- Born: Jordan Elizabeth Turpin November 16, 2000 (age 25) Rio Vista, Texas, U.S.
- Occupations: Social media influencer; model; entrepreneur;
- Years active: 2021–present

TikTok information
- Page: jordan_turpin;
- Followers: 1.7 M

= Jordan Turpin =

American social media personality (born 2000)

Jordan Elizabeth Turpin (born November 16, 2000) is an American social media personality. She gained national exposure on January 14, 2018, at the age of 17, in the Turpin case, when she escaped from her abusive parents' home in Perris, California. She alerted local police, who discovered disturbing conditions in her home, where she lived in virtual captivity with her parents and 12 siblings, ranging from 2 to 29 years old (with seven being adults on January 14, 2018).

== Online career ==
Following her first public appearance in 2021 on 20/20 with her oldest sister, Jennifer, Turpin has since gained a prominent fanbase in social media, particularly on TikTok, where she posts lip-sync, motivational and dance videos and has gained more than one million followers.
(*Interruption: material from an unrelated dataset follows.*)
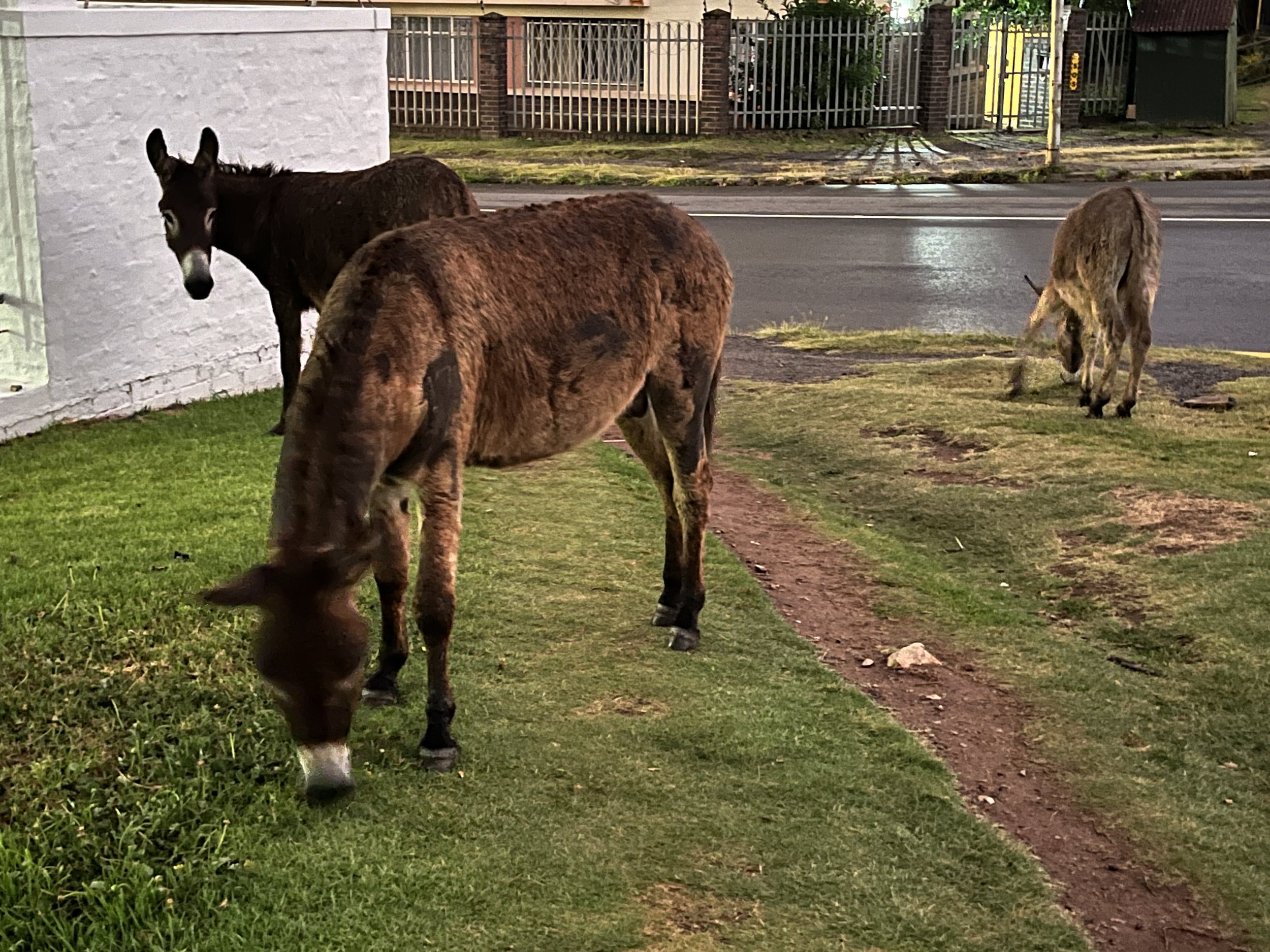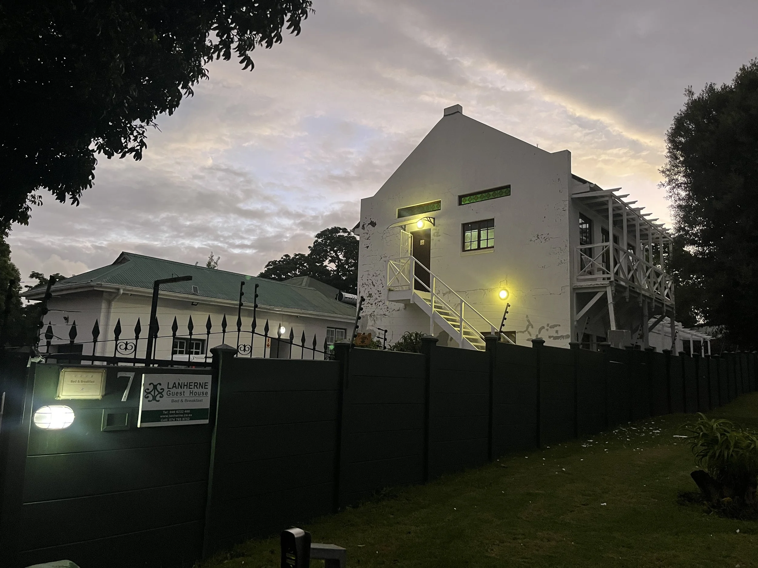 Grahamstownissa majoituttiin kahdessa eri Lodgessa, sillä majoituksia ei saatu saman katon alle tilan puutteen vuoksi. Isommissa kylissä ja kaupungeissa majapaikat pitää valita pienistä yksiköistä, joilla on oma, aidattu ja usein sähköistetyin langoin ja piikkilangoin rajattu piha-alue. Ihan varmuuden vuoksi vaan, niin on sitten aamulla ajopelit tallessa joilla jatkaa matkaa.:)

In February 2023, Turpin was coined "The Most Unlikely Influencer" by Elle.

== Other ventures ==
In late 2022, Turpin started to pursue modeling with an unknown agency. In November 2023, on her 23rd birthday, she launched "Braveness by Jordan Turpin", a merchandise line. In the same month, Turpin revealed in an interview with People that she planned to pursue bigger projects surrounding mental health in 2024, along with the hope of developing an acting career. In April 2024, her sister Jennifer Turpin published the book Where Was God?, recounting her experiences in her parents' household while maintaining her faith in God despite the trauma.